I don’t know if you do, but I have meh day… The days sitting just outside of happy… The days when I don’t feel adequate, the days when I feel like I have failed those I love most. Those days when I feel like my feelings aren’t quite right, my perspective is totally off, my emotions have run too high. Those days when I am not my best me.
I know these days occur, I know they occur to the best of us. I know it is natural to experience high’s and low’s. I know that I must experience bad in order to appreciate the good. And I know that I am my own worst critic. But, man the meh days really stink. They are the worst kind of stink.
I think they are hardest for me because there is nothing that is totally wrong. There are no major tragedies, there are no major moments that prompt them, they are simply days just outside of my normal happy place.
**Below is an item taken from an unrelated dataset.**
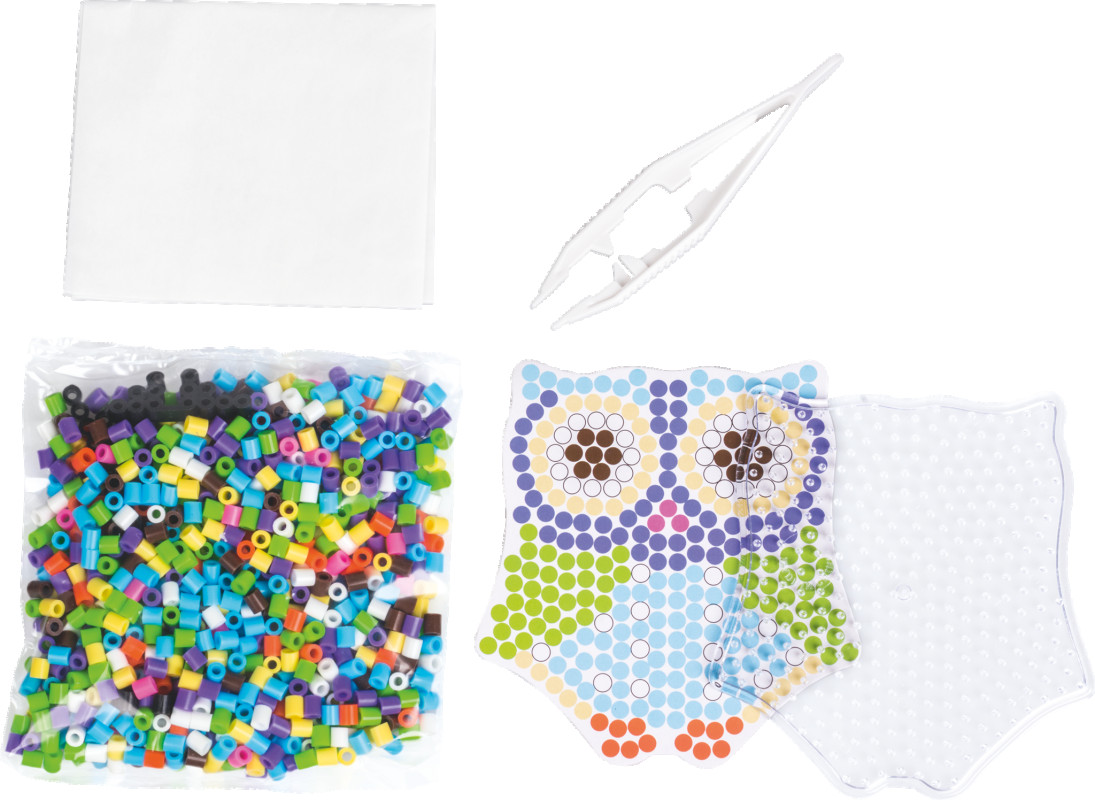 Gludināmo pērlīšu komplekts ar pūcītes formas pamatni. Komplektā iekļauto pērlīšu skaits ir paredzēts divu modeļu izgatavošanai. Komplektā ietilpst pērlītes, pincete, pamatne jeb šablons, kā arī gludināmais papīrs. Lietošana - ar pincetes palīdzību izvietojiet pērlītes uz pamatnes un pārklājiet tās ar gludināmo papīru. Kad gludeklis ir uzkarsis līdz vidējai temperatūrai, tad ar vieglām kustībām, caur gludināmo papīru sakausējiet pērlītes. Ļaujiet atdzist un tad noņemiet gludināmo papīru, ja nepieciešams, kausēšanas procesu var atkārtot arī no otras puses.

They are the days that stink the worst for me because they are the days when real life catches up to me; a little disagreement with the Mr, being sad over my Doodle growing up, knowing my parents are moving thousands of miles away and won’t be near, work feeling overwhelming, my thyroid creating fear within me. The meh days for me are the days that just happen. The days where I let worry consume me. The days where I left the not so great outweigh the totally wonderful.
Today has been a meh day. Today is a day where life just kind of stinks. But, you see, there is always sunshine to push out the grey and there is always happy to shoo away the meh. And right now, I am owning my meh, I am digging inside and realizing I am sentimental and emotional and a little more meh than usual. I am diagnosing my mehs and I am understanding the feelings.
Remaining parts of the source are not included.